傅临舟沉默着,眼波流转间直勾勾看向温知夏:“你先前撒谎,便是这般模样。”
“同样的招数再用第二遍,会不会奏效,也只能看意识到谎言的人愿不愿意再配合。”傅临舟悄步走向温知夏,像是在说一件在正常不过的家常事。
温知夏僵在原地,“所以呢,你想怎么样?既然不相信,又何必多问。”温知夏的语气强硬:“我若害怕,又何苦来寻你。”
傅临舟不答,脚步愈发近了,四周的声音清晰可闻,温知夏甚至能从那细微的差别声中,判断出傅临舟走路用的左脚还是右腿。
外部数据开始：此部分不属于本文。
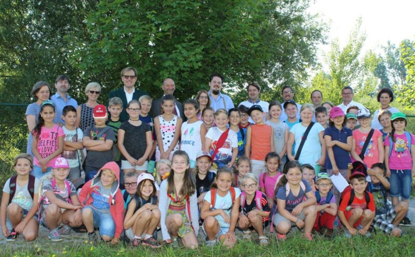 Die Arnstorfer Au, ein nahezu 20000 Quadratmeter großes Natur- und Naherholungsgebiet mitten im Ort, ist nicht nur bei Freizeitsportlern und Spaziergängern angekommen, sondern auch bei den Grundschülern. Vor allem die Klasse 3c mit ihrer Lehrerin Alexandra Seiler ist voll begeistert. Beim Wandertag im Herbst 2016 waren die Mädchen und Buben erstmals in der Au unterwegs, dann hat sie das Thema in Heimat- und Sachkunde das ganze Jahr über begleitet. Aus der intensiven Beschäftigung mit Pflanzen und Tieren im Unterricht und vor Ort, aus Referaten und der Art, wie sie selbst das grüne Refugium erleben durften, ist sogar ein ganz besonderes Projekt entstanden: Ein Naturführer – von Kindern für Kinder – 52 bunte Seiten stark und spannend von der ersten bis zur letzten Zeile. Alexandra Seiler hat die Arbeiten gesammelt und in den Pfingstferien digitalisiert, Rainer Gratz von Gratz Design hat die Gesamtgestaltung übernommen. Dank großzügiger Unterstützung von Sponsoren ging das Werk in Druck und kann nun kostenlos an Interessierte verteilt werden. Als Begleiter durch das Büchlein haben sich die Kinder den Kiebitz „Kiebi“ ausgesucht, einen Vogel, der früher ein typischer Wiesenbrüter in der Arnstorfer Au war. Neben der kindgerechten Beschreibung von Tieren und Pflanzen in der Luft, im Wasser und auf der Erde – ebenfalls im Unterricht der Klasse 3c entstanden – gibt der Kiebi in gelben Infokästchen Wissens- oder Aktionstipps, die mithelfen, ein Stück Heimat kennen zu lernen, gelungene Zeichnungen der Kinder, jede Menge Bilder und Kiebis Rätselfragen zur Arnstorfer Au auf den letzten Seiten machen den Führer zu einem spannenden und Anschauens werten Werk. Klar, dass man zur öffentlichen Vorstellung des Büchleins in die Au geladen hatte. Da gab Bürgermeister Alfons Sittinger den jungen Buchautoren ebenso die Ehre wie Bezirksrat Dr. Thomas Pröckl, eine Reihe von Sponsoren und Gudrun Grabmeier vom Landschaftspflegeverband. „Ich habe schon beim Workshop der Gemeinde Feuer gefangen und mit vom ersten Augenblick an in die Au und in die Idee verliebt, dass dort Jung und Alt zusammen finden können“, bekannte Grundschulrektorin Margit Jaeschke bei ihrem Willkommen. “Das habt ihr sehr gut gemacht, ich bin davon begeistert“, drückte Bürgermeister Sittinger den Drittklässlern Lob und Anerkennung aus und richtete einen herzlichen Dank an die Sponsoren. „Ich mag die Bäume, die wunderschöne grüne Au“ versicherten die Kinder der 3c auch musikalisch ihre Liebe zur Natur. Um die nachfolgenden Grundschüler mit dem Thema Au vertraut zu machen und sie dafür zu begeistern, nahmen sie die Kinder der zweite Klasse von Lehrerin Ingrid Wahland mit auf Erkundungstour zu den Schmetterlingen, Bienen, Blumen und Insekten auf der Wiese und zu Tieren und Pflanzen im Wasser, am Ufer und im Wald. Mit dem Gedicht von James Krüss „Das Lied vom Wald“ bewiesen Mädchen der 2. Klasse, dass sie sich mit dem Thema, das sie ab September stärker beschäftigen wird, schon vertraut gemacht haben.

温知夏一点点攥紧了衣兜,呼吸声逐渐变得沉重,她咽了咽口水,手上因为用了十成的力道而微微颤抖。
三步,两步,一....
温知夏以迅雷不及掩耳之势从怀中掏出匕首,顺势朝着傅临舟大腿刺去,她用着手上全部力气,鲜血很快染红了那青衫,她借机要走,却被一道蛮横的力量握住手腕,挣脱不得。
她下意识瞪大了眼,握住她的手微微颤抖,傅临舟咬牙将那匕首更朝下刺了些,鲜红的颜色不断朝周围扩散,他的额头染上了层薄汗。
温知夏眼里满是震惊,她慌忙之中松开手,却见傅临舟吃力的冲她笑了笑,说话都显得有些勉强:“看吧...我不会伤害你。”
“现在...你也不用再害怕了...”说着,他咬牙将腿上的匕首抽出,温知夏转身要跑,却见他将那匕首抵到了自己胸口处。
“我永远不会伤害你,”傅临舟惨淡一笑,随后又化作轻松,他眼睛始终不曾离开温知夏:“这个世界上,让你害怕的人也会消失。”
刀剑戳入胸口,红色再一次蔓延,却被温知夏眼疾手快的打落,蓄泪的眼眶中满是气愤:“你就这么情愿作践自己!”
“我早就说过,我不会伤害你,若是你想要的,我都会给你,若是我的性命,也照给不误。”傅临舟淡淡一笑:“你若是担心我会伤了你的性命,才这般不情不愿的在我身边看着我,倒不如我死了,还你轻松快活的活在这个世界上。”
“只不过是要你看见点血腥,满足我最后的私欲,至少别那么快忘了我。”
温知夏觉得自己的心在抽痛,她从未有过这样的感受,也不知道是为什么。
“你为什么要这么做,我们只不过是...”温知夏及时刹住了话。
“只不过是...一起生活过一段时间。”傅临舟将她未说完的话补全,死死拽住了温知夏的衣袖,全然不顾那逐渐没了血色的双唇。
“对你来说,或许也只不过是一段再寻常不过的日子,不,现在看来,或许用在刀剑上徘徊,彻夜难眠,或许会更好些。”傅临舟自嘲着:“但对我来说,在我最孤单无助,众叛亲离的那段最没有尊严的日子里,是你带我找到了活下去的希望,我也曾经有想过,究竟是不是只是因为你在那时候救下了我,我错把恩情当做了其他,但当我仔细一想,脑海中全然是你在那段难熬的日子里始终不肯放弃,如劲草般顽强的模样,你即便会埋怨,也依旧充满着希望,口中有时会火气冲天的抱怨,却依旧还是坚持着走下去,你鲜活,美丽,我深深为你所着迷。”
“在小屋的日子,与你待在一起,是我最快乐的时光,我想要为你献上我的一切,我想你高兴,哪怕...我再也不能看见。”
哪怕,此生也不能再相见。
“你不要我为你梳妆描眉,不想我待在身边,你什么也不要我的…”傅临舟的最后的声音几乎微不可查。
他想再最后摸一摸那鬓边额发,也不知是不是长了些。
紧握在手腕的手逐渐没了力道,鲜血染红了大片衣衫,有谁落下了一滴无声泪,晕开了那一道红。
温知夏用力想将傅临舟拦腰抱起,却怎么也搬不动,她着急的朝门外呼喊,四处寻了一圈却也没找见人影,她人生中再一次品尝到了悲伤的滋味。